Circulating adiponectin levels (A), representative immunoblots (B) and densitometric analysis of total AMP-activated protein kinase (t-AMPK) and the ratio of phosphorylated AMPK (p-AMPK) to t-AMPK (C), glucose transporter 4 (GLUT4) (D), total acetyl-coenzyme A carboxylase (t-ACC) and the ratio of phosphorylated ACC (p-ACC) to t-ACC (E), and cardiac triglyceride levels (F) in control, HFD, HFD-S, and HFD-D mice following 24 weeks of HFD feeding. Results are expressed as mean ± SEM. *p<0.05, **p<0.01 and ***p<0.001 vs. Control.

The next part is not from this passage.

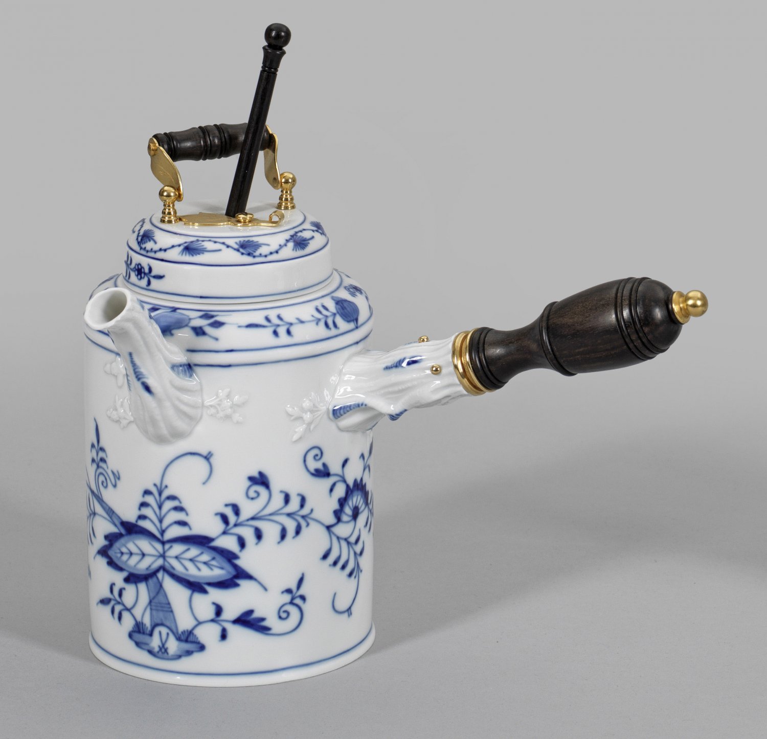 Schokoladenkanne mit Zwiebelmusterdekor Zylindrischer Korpus. seitlich balusterförmiger Griffansatz sowie astförmig reliefierter Röhrenausguss. Übergreifender Deckel mit runder Aussparung. Flächendeckender Zwiebelmusterdekor in unterglasurblauer Malerei. Vergoldete Montierungen und gedrechselter Holzgriff. Schwertermarke. H. 17 cm.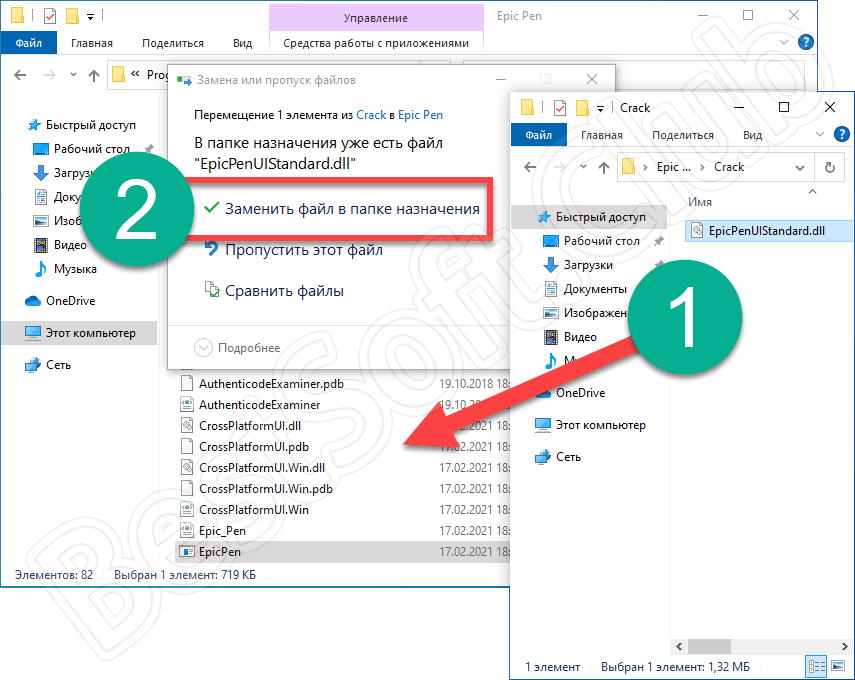 - Перед тем как начать работать с программой, мы должны также активировать ее. Копируем в буфер обмена файл из папки кряка и, перейдя как в каталог установки программы, вставляем его. В результате появляется предупреждение о необходимости замены. Соглашаемся.

3.1.4 Oral H₂S therapy attenuates HFD-induced ER stress in the heart

Lipotoxicity is thought to contribute to the development of diabetic cardiomyopathy in part via the induction of ER stress [9]. We next examined changes in ER stress markers in heart tissue collected from the experimental groups. First, we focused on the PERK arm of the ER stress/UPR. The activation of PERK leads to an early and transient attenuation of protein biosynthesis [9]. This in turn leads to an increase in the expression of ATF4, which in turn induces the expression of numerous genes involved in the resolution of ER stress [9]. Immunoblot analysis of heart homogenates collected from Control, HFD, HFD-S, and HFD-D mice revealed that the expression of ATF4 remained unchanged (Fig. 5). Next, we focused on the ATF6 arm of the ER stress/UPR. ATF6 is a transmembrane basic leucine zipper transcription factor that normally exists in the ER as a dimer linked by intermolecular disulfide bonds in the luminal domain [9; 48]. In response to ER stress, ATF6 translocates to the Golgi where it undergoes cleavage by site-1 and site-2 proteases [9]. This yields cleaved forms of ATF6, which translocate to the nucleus and induce target ER genes. Immunoblot analysis of heart homogenates revealed significant increases in the expression of the cleaved form of ATF6 appearing at 60 kDa under HFD conditions (Fig. 5). However, the HFD-induced cleavage of ATF6 was dampened in the hearts of mice in the HFD-S and HFD-D groups.

Fig. 5.

Representative immunoblots (A) and densitometric analysis of inositol-requiring enzyme 1 (IRE1) (B), activating transcription factor 6 (ATF6) (C), and ATF4 (D). All samples were collected from the hearts of control, HFD, HFD-S, and HFD-D mice following 24 weeks of HFD feeding. Results are expressed as mean ± SEM. *p<0.05, **p<0.01 and ***p<0.001 vs. Control.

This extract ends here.